LIQUIDITY AND CAPITAL RESOURCES

        Since its inception, Launch has financed its operations primarily
through a public issuance of common stock, private placements of preferred stock
and, to a lesser extent, from the revenues generated by operations. As of
September 30, 1999, Launch had approximately $70 million in cash and cash
equivalents and short term investments.

        Net cash used in operating activities increased to $15.5 million for the
first nine months of 1999 from $7.5 million for the first nine months of 1998.
The increase in net cash used in operating activities is substantially
attributable to the increased net loss, excluding non-cash charges.

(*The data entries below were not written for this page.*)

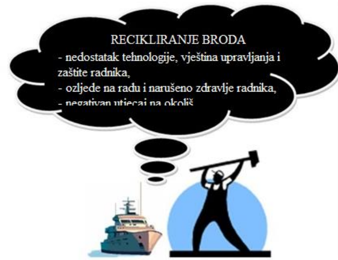
Slika 3. Problemi kod neodgovarajućeg recikliranja broda [16]
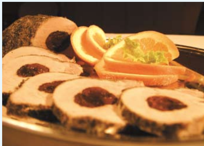
Schab nadziewany śliwką

Farfelki mogą być dodatkiem do zupy. W tym przypadku należy je gotować przez 30 minut w wrzącej, posolonej wodzie lub bezpośrednio w zupie.
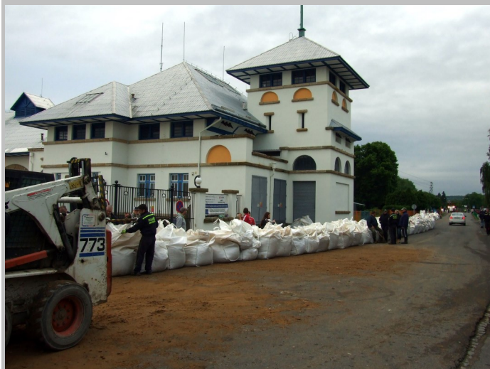
Hráz u miřejovické elektrárny byla postavena přesně ve stejných místech jako v roce 2002. Letos naštěstí nebyla potřeba. (3. června odpoledne)
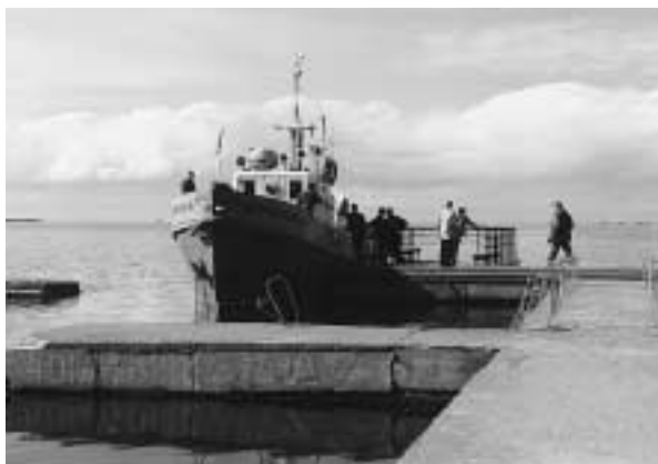
写真10 船に乗ってバイカル湖巡り

観光分科会の魅力は現地視察という名のオプションツアーが付くことだ。午後の会議を早めに切り上げると、バイカル湖の船着場に用意してあった船で湖巡りに出かけた(写真10)。クルトウシュナヤ・リゾートはバイカル湖の南
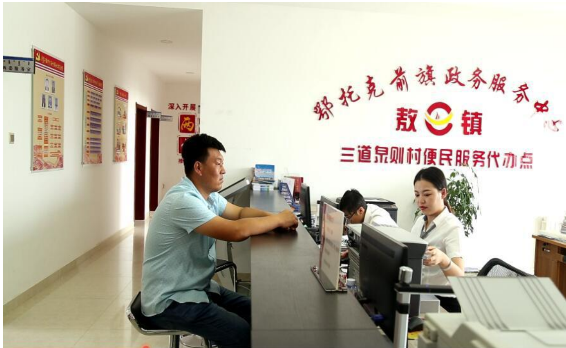
图 5 群众在嘎查村便民服务代办点办理业务
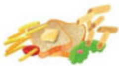
Restes de repas d'origine végétale
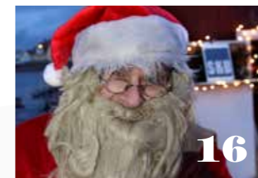
Dags för vårt julkryss. Tankenötter till julglöggen. 16
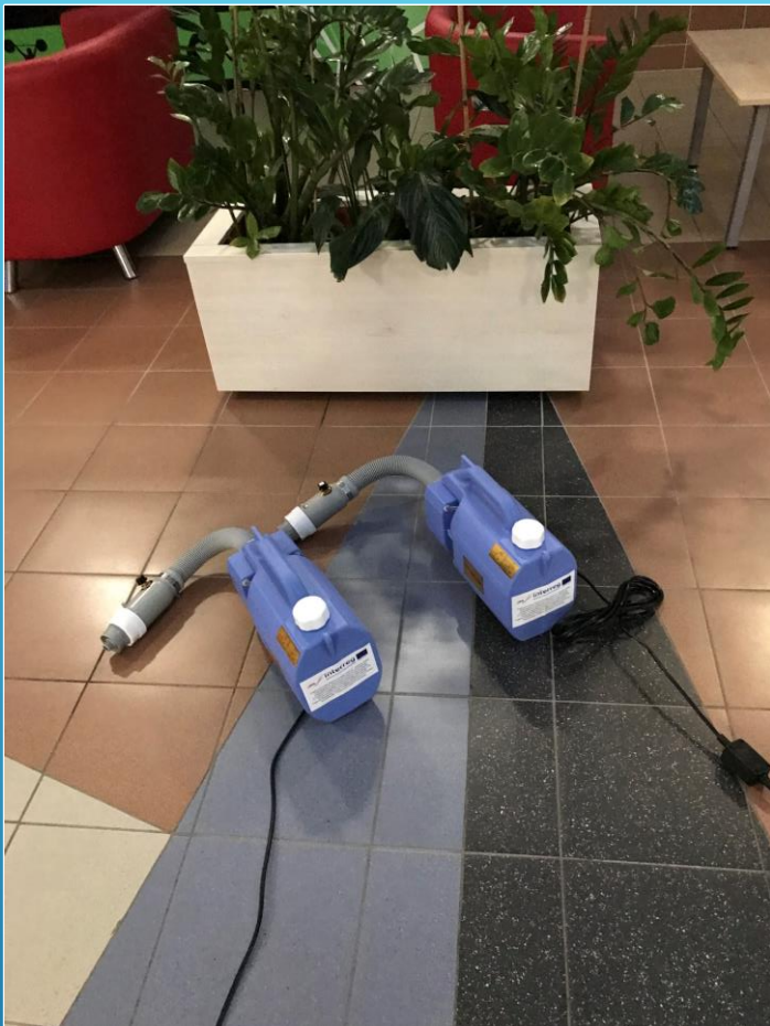
Zamgławiacz (do dezynfekcji) 2 sztuki/ Nebelmaschine - 2 St.
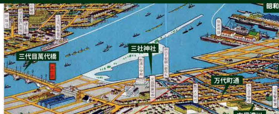
昭和12年(1937)頃に描かれた吉田初三郎の新潟島瞰図
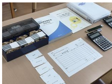
カタログ注文を想定した訓練
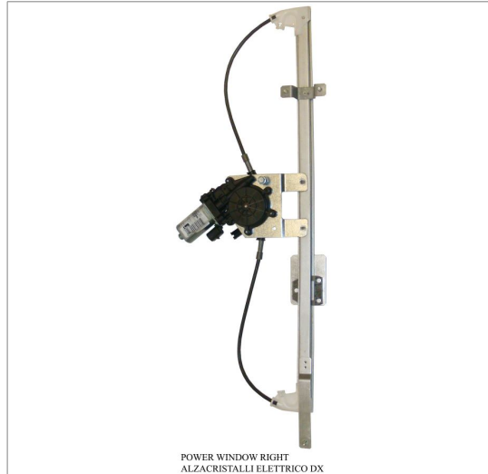
POWER WINDOW RIGHT ALZACRISTALLI ELETTRICO DX

THIS INSTALLATION INSTRUCTION IS FOR BOTH LEFT AND RIGHT SIDE. CETTE INSTRUCTION DE MONTAGE EST POUR LES DEUX COTES DROIT ET GAUCHE. DIESE MONTAGE-ANLEITUNG IST FÜR DIE BEIDE LINKE UND RECHTE SEITE. ESTA INSTRUCCION DE MONTAJE ES PARA LOS DOS LADOS IZQUIERDO Y DERECHO. ESTAS INSTRUÇÕES VALEM TANTO PARA O LADO ESQUERDO QUANTO PARA O DIREITO. DEZE AANWIJZINGEN GELDEN VOOR ZOWEL DE LINKER- ALS DE RECHTERKANT. Η ΠΑΡΟΥΣΑ ΟΔΗΓΙΑ ΑΦΟΡΑ ΤΟΣΟ ΤΗΝ ΑΡΙΣΤΕΡΗ ΟΣΟ ΚΑΙ ΤΗ ΔΕΞΙΑ ΠΛΕΥΡΑ. LA PRESENTE ISTRUZIONE VALE SIA PER IL LATO SINISTRO CHE PER IL LATO DESTRO.
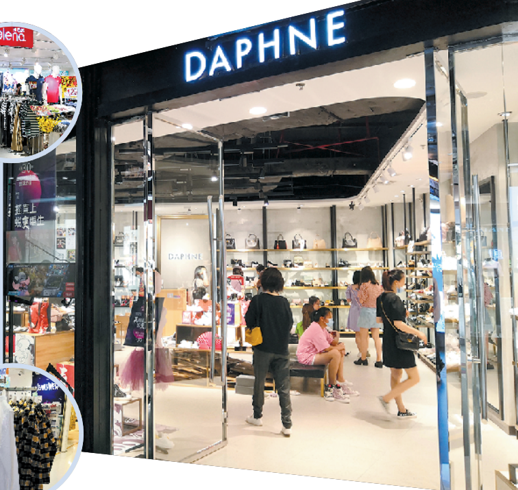
达芙妮广州时尚天河店
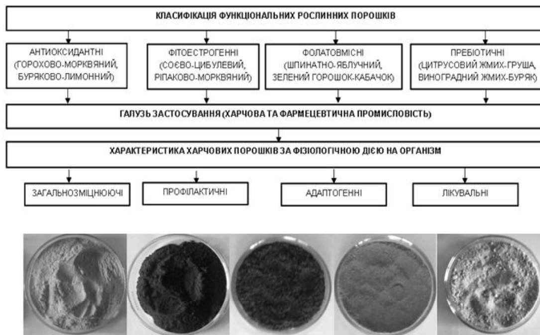
Горохово-морквяний Буряково-лимонний Ріпаково-морквяний Шпинатно-яблучний Яблучно-кабачковий

Наведена класифікація розроблених функціональних порошоків, які розділені на 4 функціональні групи (рис. 2).
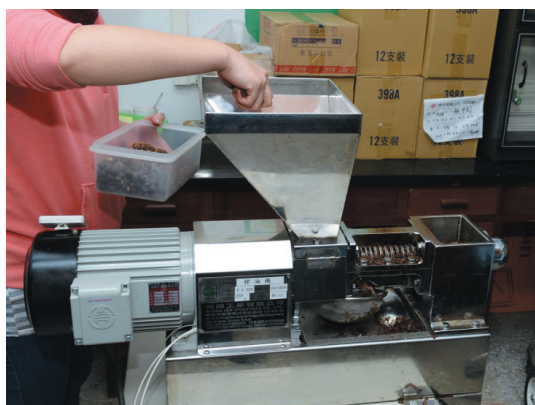
螺旋榨油機之榨油情形
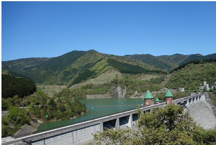
【鳴淵ダムから歎原山】
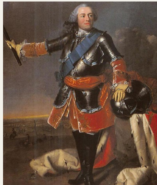
▲ Stadhouder Willem IV
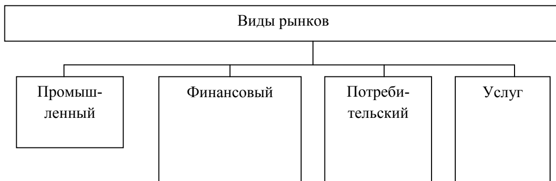
Рис. 1 - Классификация моделей пенсионного обеспечения

Примечание - Составлено автором по данным Росстата.
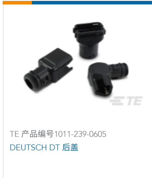
TE 产品编号1011-239-0605 DEUTSCH DT 后盖
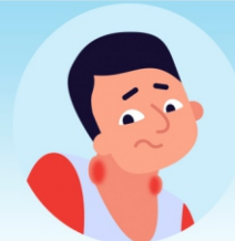
Увеличение шейных лимфатических узлов

Возможные осложнения: обычно краснуха у детей протекает довольно легко, но возможно в редких случаях, как и при кори, развитие энцефалита .
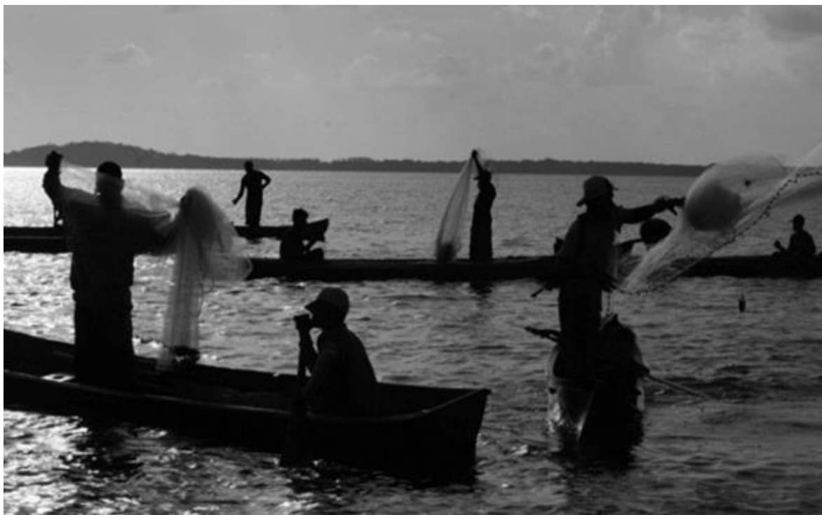
Pescadores en la Laguna de Bluefields.
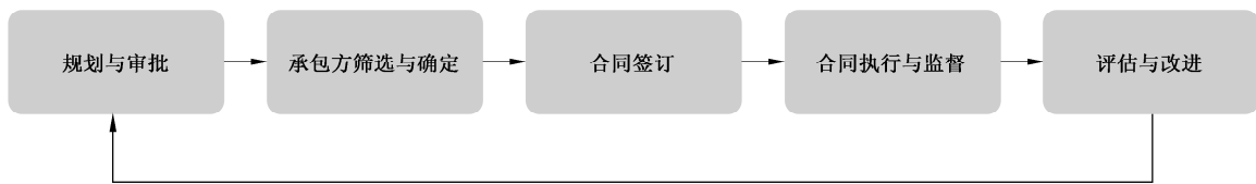
图2 发包工作过程示意图

        Net cash used in investing activities was $67.5 million for the first
nine months of 1999, as compared to net cash used by investing activities of
$10.3 million for the first nine months of 1998. The increase in net cash used
in investing activities resulted primarily from the significant purchase of
securities which took place during the first nine months of 1999 as a result of
investing the cash raised in our IPO. This cash is predominantly invested in
instruments that are highly liquid, are of high quality investment grade, and
predominantly have maturities of less than one year with the intent to make such
funds readily available for operating purposes.

        Net cash provided by financing activities increased to $82.3 million for
the first nine months of 1999, from $18.6 million for the first nine months of
1998, due principally to the proceeds from the sale of common stock through our
IPO in 1999.

        Launch has a revolving capital lease line of credit for $1.0 million. At
September 30, 1999, $1.0 million was outstanding under this line of credit. This
facility bears interest at the bank's prime rate, 8.25% at September 30, 1999.
The leased assets collateralize any borrowings under this line of credit.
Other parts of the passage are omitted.